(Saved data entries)
=====
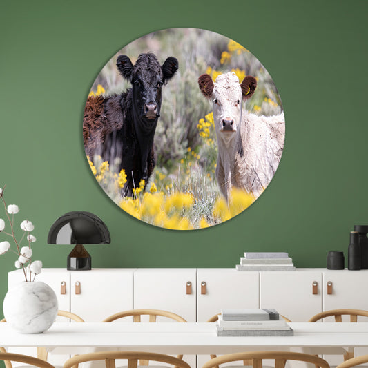 Twee Jonge Kalfjes in een Bloemenveld aluminium muurcirkel
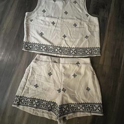 Top and Shorts Set Tan and Black Patterned Women’s Size Large$30San Diego, CA
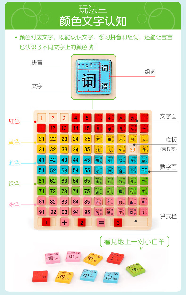 Tableau de comptage de centaines en bois pour l'éducation précoce des enfants, apprentissage des blocs de construction cognitifs, jouets d'addition et de soustraction, outils pédagogiques de première année, tableau de comptage de centaines de caractères chinois double face
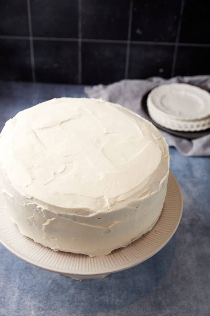 - Piping: If you want a pretty presentation, try chilling the frosting in the fridge to firm it up a bit before piping it onto the cake. If you don’t feel like piping, just spread the frosting on the cake however you like.
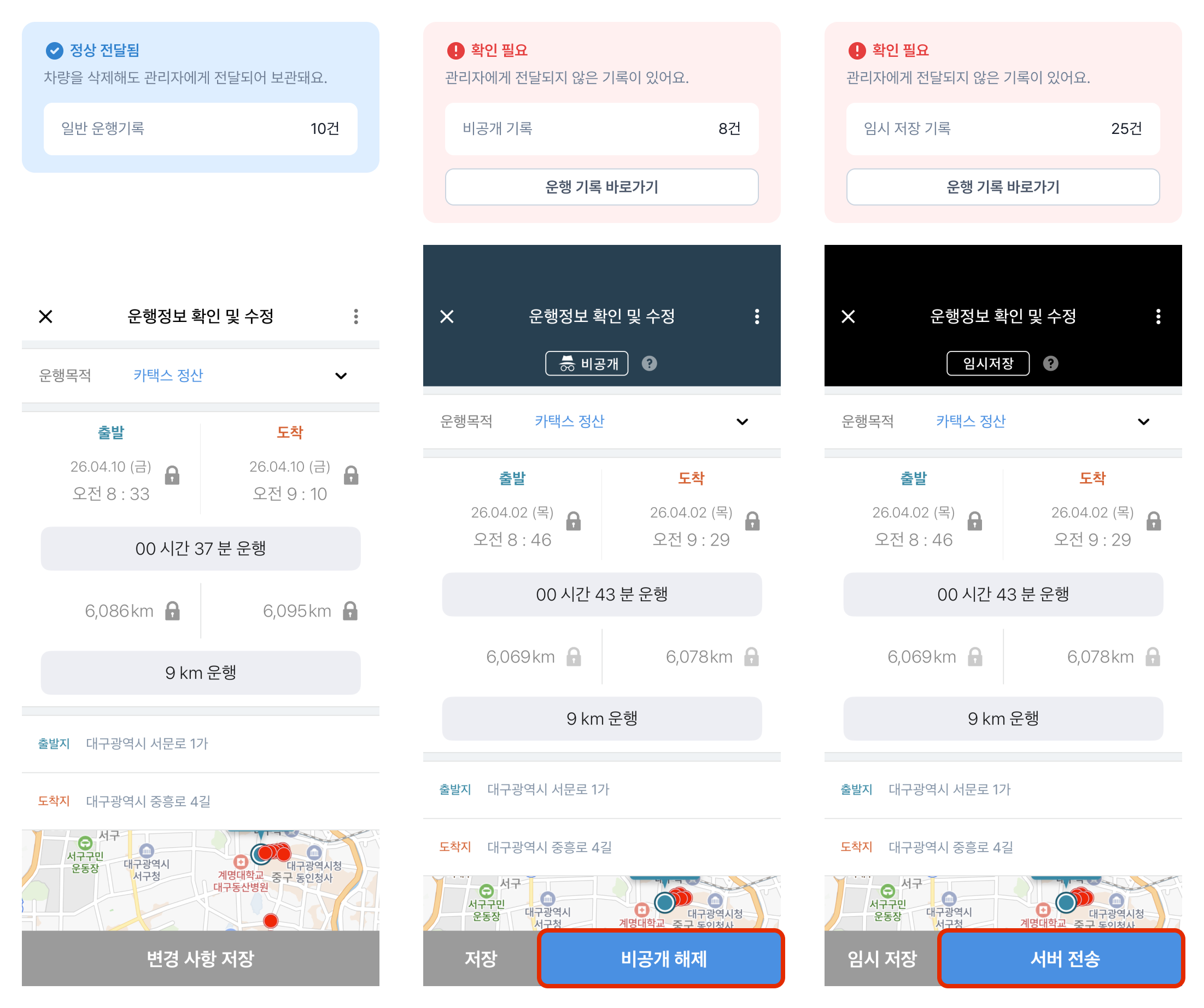 운행기록은 관리자에게 전달되어 저장돼요. 단, 비공개 운행기록이나 임시 저장 운행기록은 관리자에게 전달되지 않은 상태이므로 반드시 확인해 주세요.
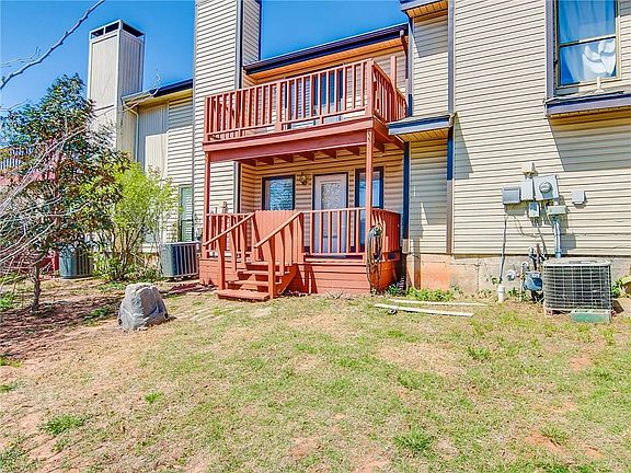 Woodcreek Townhome in Edmond! Move-in Ready! Featuring 3 large bedrooms with spacious closets, 2 bathrooms and 2 car detached garage ! Fireplace, tile flooring and plantation shutters in the main living area. Deck on upper level and deck on lower level overlooking the greenbelts! Neighborhood HOA fee covers the mowing in the front of the home and neighborhood association areas, pool access, and the basketball court....and you're conveniently just minutes from the University of Central Oklahoma and walking distance to Kickingbird Golf Course & Tennis Center, Movie Theatre, Shopping and great restaurants! HOA monthly fee is $71.00. Welcome Home.
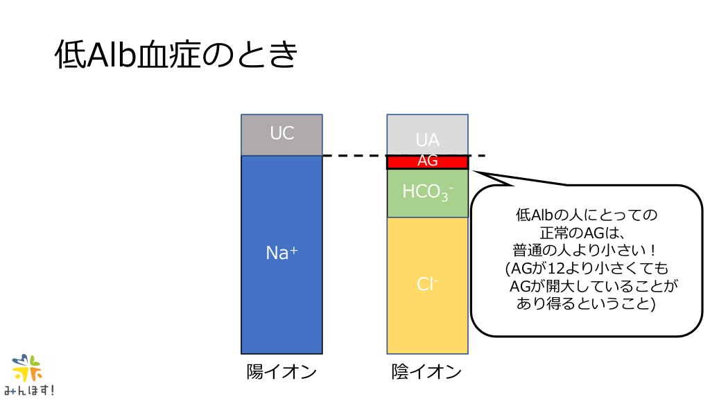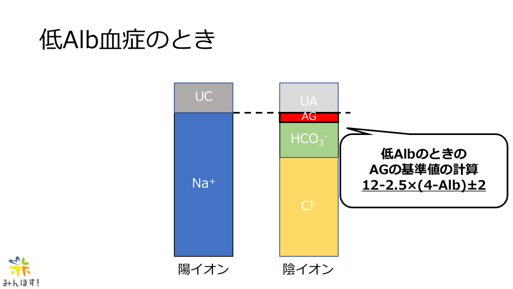 #58. 低Alb血症のとき UC UA AG HCO3Na+ Cl- 陽イオン 陰イオン 低Albのときの AGの基準値の計算 12-2.5×(4-Alb)±2
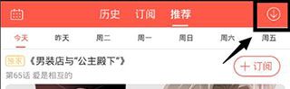 3、点击*上面“推荐”旁边的“下载符号”就可以将今天更新的漫画全部下载啦!(下载完成,下载符号会变成√)
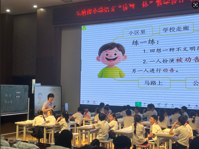 上午8:40,活动在宁波市名师李秀蕾校长执教的《劝告》拉开帷幕,首先李老师创设“追逐跑下楼梯”的危险情境,引导学生归纳劝说技巧——先称呼、不指责换位想、说理由、提建议。接着呈现“骑车不戴头盔”的生活场景,组织学生运用方法开展角色扮演,通过师生互评强化“说危害+给方案”的劝说策略。最后进入拓展环节,学生列举身边的不文明现象,小组合作设计劝告对话并展示。全程以情境驱动,通过“示范学习-迁移应用-拓展实践”的阶梯式训练,让学生在真实语境中掌握劝告技巧,同时培养安全意识和文明素养。
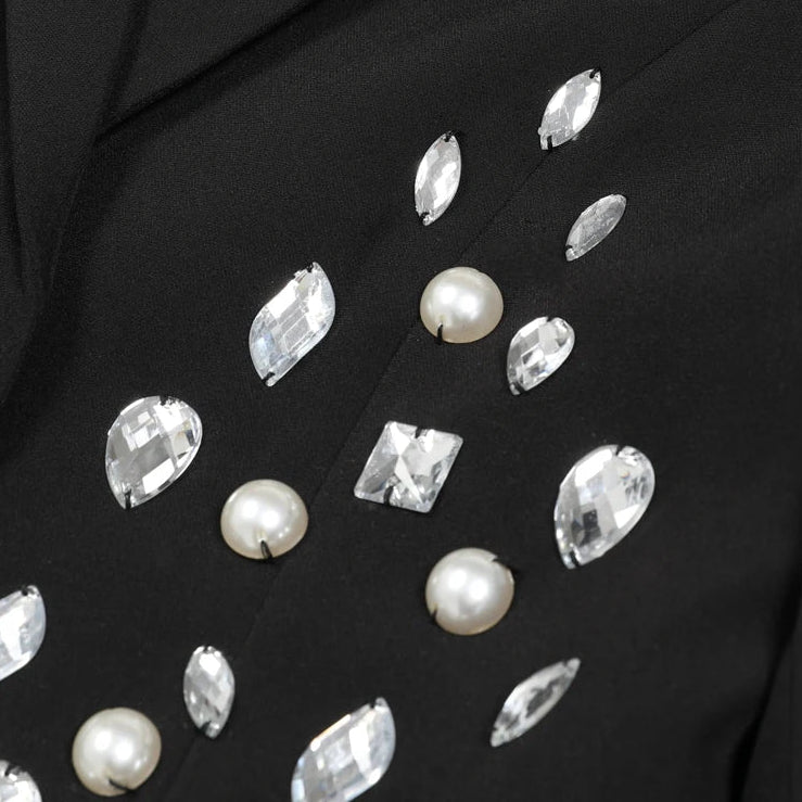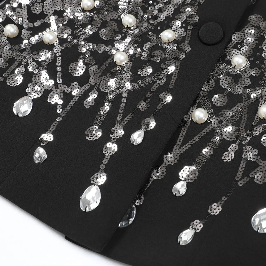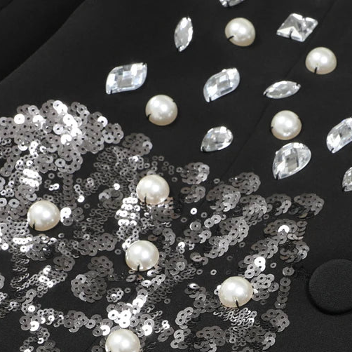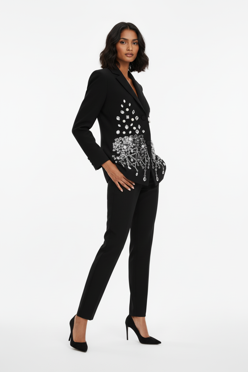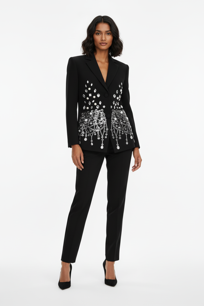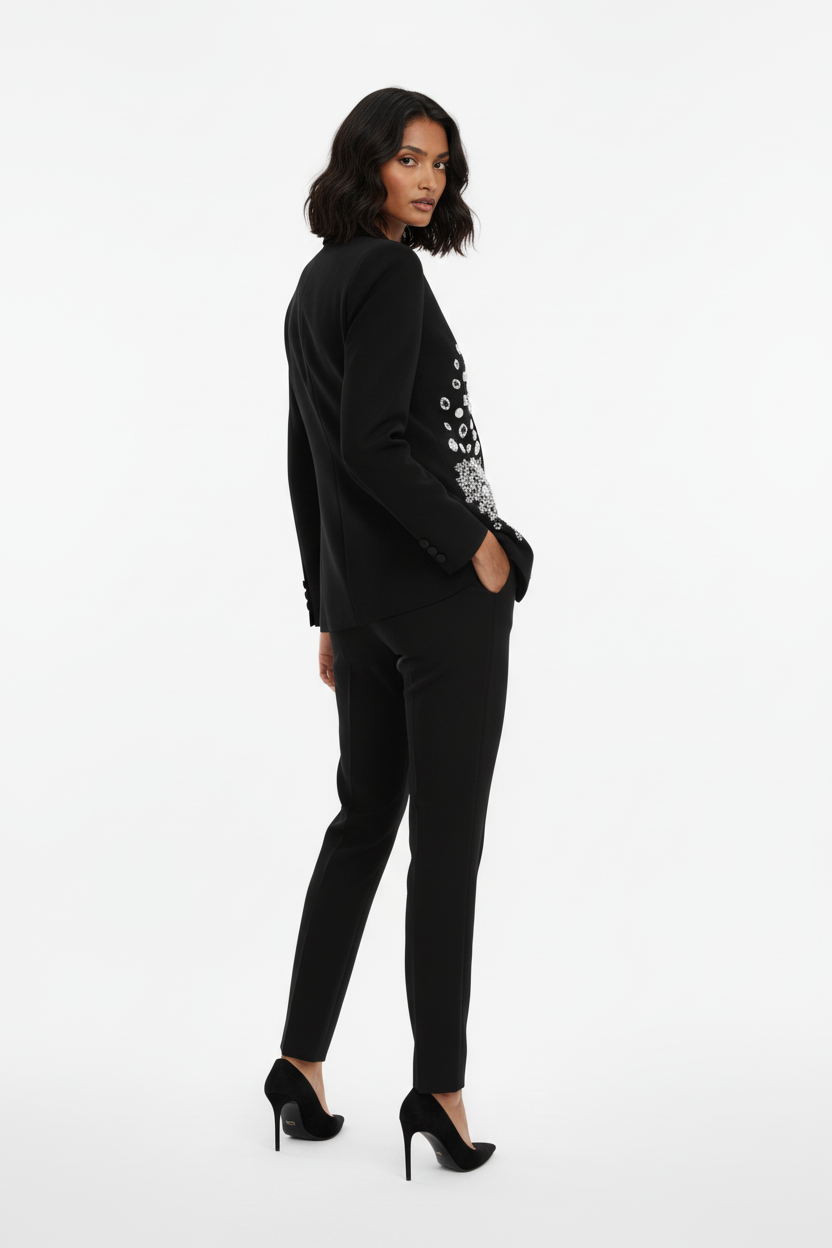 De Sculpted Silhouette Blazer is ontworpen om het lichaam optisch te vormen. De rijke versiering is bewust geconcentreerd rond de heupen, wat zorgt voor diepte en balans, terwijl de details richting de taille verfijnen en versmallen. Dit creëert een elegant zandloper-effect zonder strakke snit.
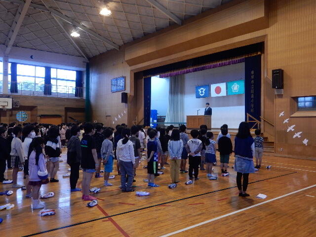 続いて、私(校長)の話でした。春休み中に大きな事故などがなく、無事に新年度を迎えられてとても嬉しかったこと、進級にあたっての各学年への期待などの話をしました。(下の写真は話の始まりの様子です。この後、子ども達はその場に座って話を聴きました。)
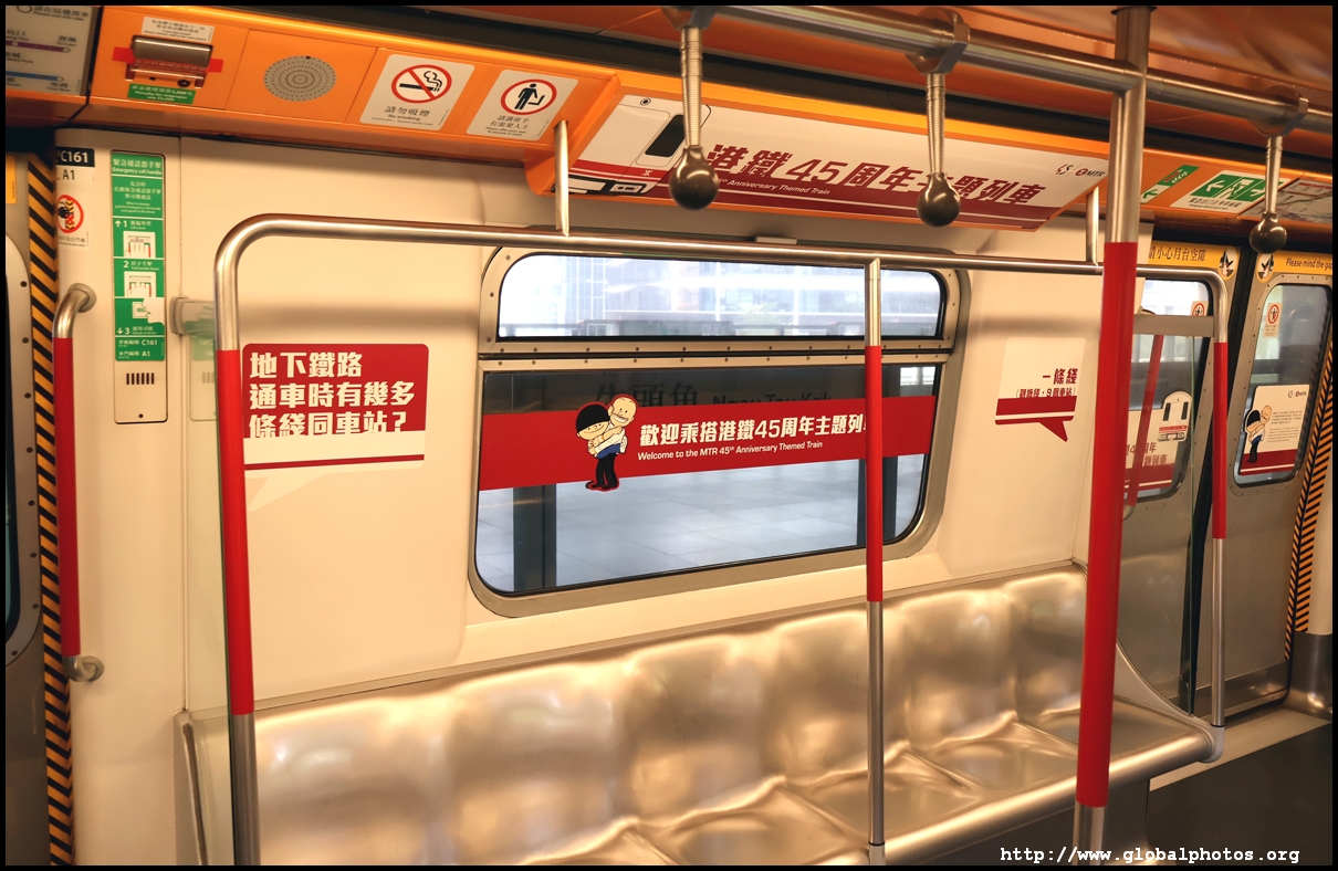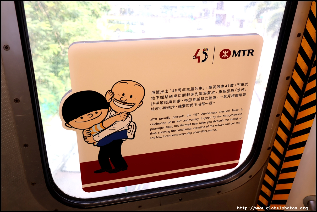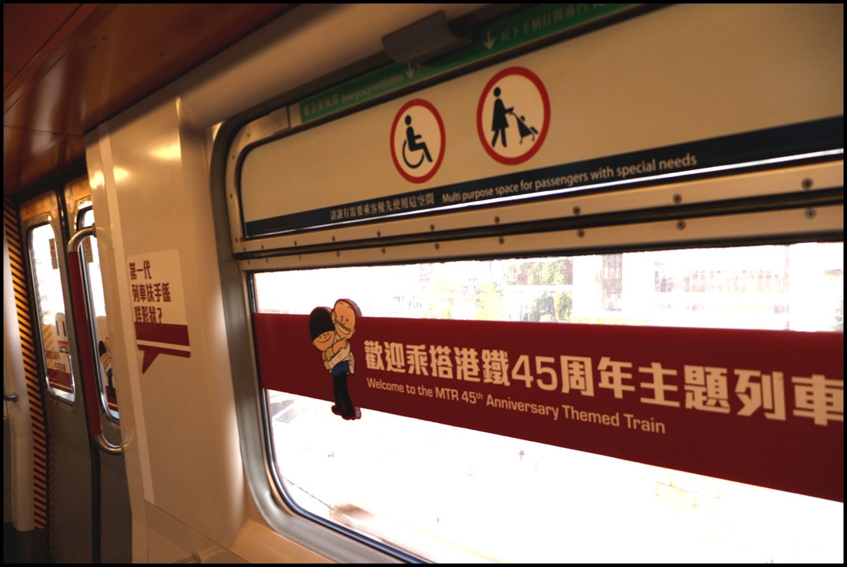 As part of the MTR's 45th anniversary celebrations, the company launched a special train draped in its old livery in August 2024. The classic train mimicks the first generation rolling stock on the network with a red and white exterior, ball-shaped straphangers, and orange-yellow interior ceilings.The MTR opened in 1979 with 1 line serving 9 stations.
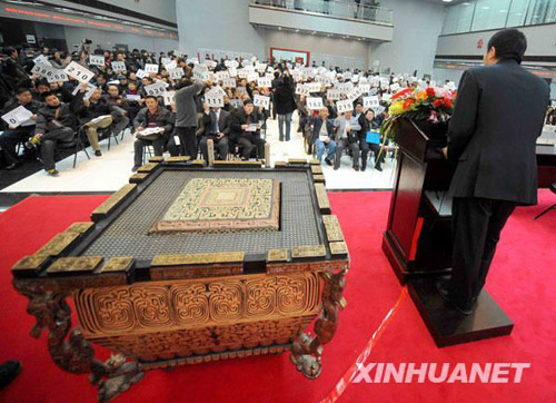3月8日,“2008北京第29屆奧運(yùn)會開幕式演出道具‘缶’專場拍賣會”在北京產(chǎn)權(quán)交易所落槌。首個標(biāo)的共十個缶以1.3萬元總價起拍,經(jīng)過近百輪激烈競價,最終以70.6萬元被347號買家競得。據(jù)介紹,當(dāng)日有1000只缶約53個標(biāo)的投入競拍,共有439家單位和個人報名參與了現(xiàn)場競買,52名競買人以5244.7萬元的總價拍走1000個奧運(yùn)缶,單個均價約5.2萬元,較0.11萬元的單個起拍均價而言,身價大增46倍。此次拍賣會創(chuàng)造了奧運(yùn)物資拍賣歷史上拍賣持續(xù)時間最長、競買人最多、競價輪次最多、溢價率最高4個紀(jì)錄。
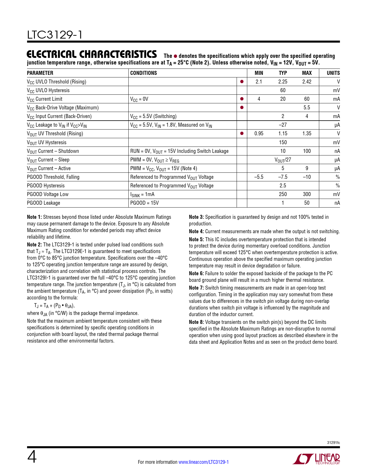 LTC3129-1 e lecTrical characTerisTics The l denotes the specifications which apply over the specified operatingjunction temperature range, otherwise specifications are at TA = 25°C (Note 2). Unless otherwise noted, VIN = 12V, VOUT = 5V. PARAMETERCONDITIONSMINTYPMAXUNITS VCC UVLO Threshold (Rising) l 2.1 2.25 2.42 V VCC UVLO Hysteresis 60 mV VCC Current Limit VCC = 0V l 4 20 60 mA VCC Back-Drive Voltage (Maximum) l 5.5 V VCC Input Current (Back-Driven) VCC = 5.5V (Switching) 2 4 mA VCC Leakage to VIN if VCC>VIN VCC = 5.5V, VIN = 1.8V, Measured on VIN –27 µA VOUT UV Threshold (Rising) l 0.95 1.15 1.35 V VOUT UV Hysteresis 150 mV VOUT Current – Shutdown RUN = 0V, VOUT = 15V Including Switch Leakage 10 100 nA VOUT Current – Sleep PWM = 0V, VOUT ≥ VREG VOUT/27 µA VOUT Current – Active PWM = VCC, VOUT = 15V (Note 4) 5 9 µA PGOOD Threshold, Falling Referenced to Programmed VOUT Voltage –5.5 –7.5 –10 % PGOOD Hysteresis Referenced to Programmed VOUT Voltage 2.5 % PGOOD Voltage Low ISINK = 1mA 250 300 mV PGOOD Leakage PGOOD = 15V 1 50 nA Note 1: Stresses beyond those listed under Absolute Maximum Ratings Note 3: Specification is guaranteed by design and not 100% tested in may cause permanent damage to the device. Exposure to any Absolute production. Maximum Rating condition for extended periods may affect device Note 4: Current measurements are made when the output is not switching. reliability and lifetime. Note 5: This IC includes overtemperature protection that is intended Note 2: The LTC3129-1 is tested under pulsed load conditions such to protect the device during momentary overload conditions. Junction that TJ ≈ TA. The LTC3129E-1 is guaranteed to meet specifications temperature will exceed 125°C when overtemperature protection is active. from 0°C to 85°C junction temperature. Specifications over the –40°C Continuous operation above the specified maximum operating junction to 125°C operating junction temperature range are assured by design, temperature may result in device degradation or failure. characterization and correlation with statistical process controls. The Note 6: Failure to solder the exposed backside of the package to the PC LTC3129I-1 is guaranteed over the full –40°C to 125°C operating junction board ground plane will result in a much higher thermal resistance. temperature range. The junction temperature (TJ, in °C) is calculated from the ambient temperature (T Note 7: Switch timing measurements are made in an open-loop test A, in °C) and power dissipation (PD, in watts) according to the formula: configuration. Timing in the application may vary somewhat from these values due to differences in the switch pin voltage during non-overlap TJ = TA + (PD • θJA), durations when switch pin voltage is influenced by the magnitude and where θJA (in °C/W) is the package thermal impedance. duration of the inductor current. Note that the maximum ambient temperature consistent with these Note 8: Voltage transients on the switch pin(s) beyond the DC limits specifications is determined by specific operating conditions in specified in the Absolute Maximum Ratings are non-disruptive to normal conjunction with board layout, the rated thermal package thermal operation when using good layout practices as described elsewhere in the resistance and other environmental factors. data sheet and Application Notes and as seen on the product demo board. 31291fc 4 For more information www.linear.com/LTC3129-1
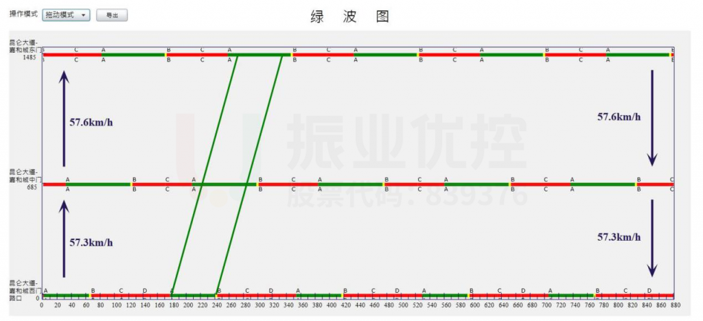 因該路段主要行車方向早高峰為東往西進城方向,其他時段為西往東出城方向,且路段無特殊管控需求,可根據(jù)市民出行需求設置綠波協(xié)調(diào)方案。
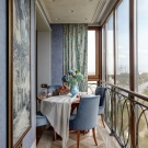 - Panoramic and stained-glass glazing options contribute to the creation of the illusion of open spaceblur the boundaries between the room and the cityscape. This is especially noticeable when the building is surrounded by green spaces, the crowns of which are located at the level of the balcony.
=====
_Goal of the exercise_
With the pictures left out, please output each line from the one containing "因該路段主要行車方向早高峰為" through the end of the entries, exactly as it is.

_The answer_
 因該路段主要行車方向早高峰為東往西進城方向,其他時段為西往東出城方向,且路段無特殊管控需求,可根據(jù)市民出行需求設置綠波協(xié)調(diào)方案。
 - Panoramic and stained-glass glazing options contribute to the creation of the illusion of open spaceblur the boundaries between the room and the cityscape. This is especially noticeable when the building is surrounded by green spaces, the crowns of which are located at the level of the balcony.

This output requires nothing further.